There are many perspectives as to why we are seeing increasing anxiety and I am not going to “get into that” now… however what I would like to explore is how we as educators can support children’s well-being through creating a sense of security through positive relationships and attachments. There are many simple yet very effective things we can be doing daily with all children, even the confident ones!
As educators we need to understand the significance of our relationships with children and families and how these influence the child’s sense of self. Children need to feel acknowledged and important (like we all do)! However the early years is such a critical time for brain growth and development especially around areas of perspective taking, empathy, values, relationships, attachment and trust.
so what can we do each day to build and nurture that sense of trust?
- Take interest in the child’s play- be genuine in our interactions, questions asked or how we join them
- Give positive regard to what children are doing- enjoy child’s explorations with them… take time to be present in that moment- be mindful!
- Communicate warmly and authentically
- Acknowledge shared emotions, especially during conflicts and times of delight
- Give positive physical contact such as cuddling, holding, gentle touch
- Respond to child’s communication efforts – both verbal and non-verbal
- Ensure transition times are relaxed and allow children time to stop and move to the next activity / time of the day
- Treat every “routine” task (nappy change, meal, rest time) as an opportunity to chat, laugh and build your relationship
- Talk, sing and read to child
- Give child full attention- again be present!

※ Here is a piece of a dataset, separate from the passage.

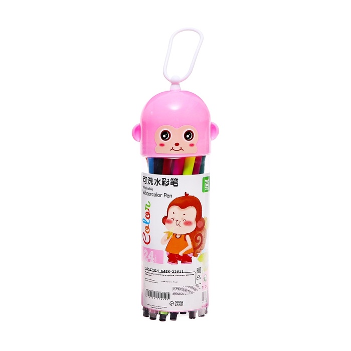 Фломастеры 24 цветов, в тубусе, Полоски, розовая Обезьяна — Характеристики

- Closely observe the child and how they engage with educators, the routine and during transitions
- Acknowledge that separating from the parent is both hard for the child and the parent.
- Communicate warmly with families upon arrival and pick up to build relationship which in turn foster positive attachments
- Allow the child time to attach to the carer when the parent leaves i.e. sitting on your lap, giving cuddles, allowing the child to stay near.
- Support the child’s emotional needs rather than firstly trying to distract.
- Allow children to have / use attachment handles such as blankey, teddy
- Ensure creative arts experiences are meaningful, that they promote creativity, discussion, connect to the child hence support right brain functioning (which in turn supports emotions, perspective, risk taking, regulation)
In a time where children do spend a lot of time in early childhood settings we play a very significant role in ensuring children feel safe, secure and loved. When we feel important and have positive experiences we are more likely to have a positive sense of well-being. If we, as educators do not spend the time to develop important and purposeful relationships with children, how will they “see” themselves…. what outcomes may this have?
Never underestimate your role and responsibility as an early childhood educator!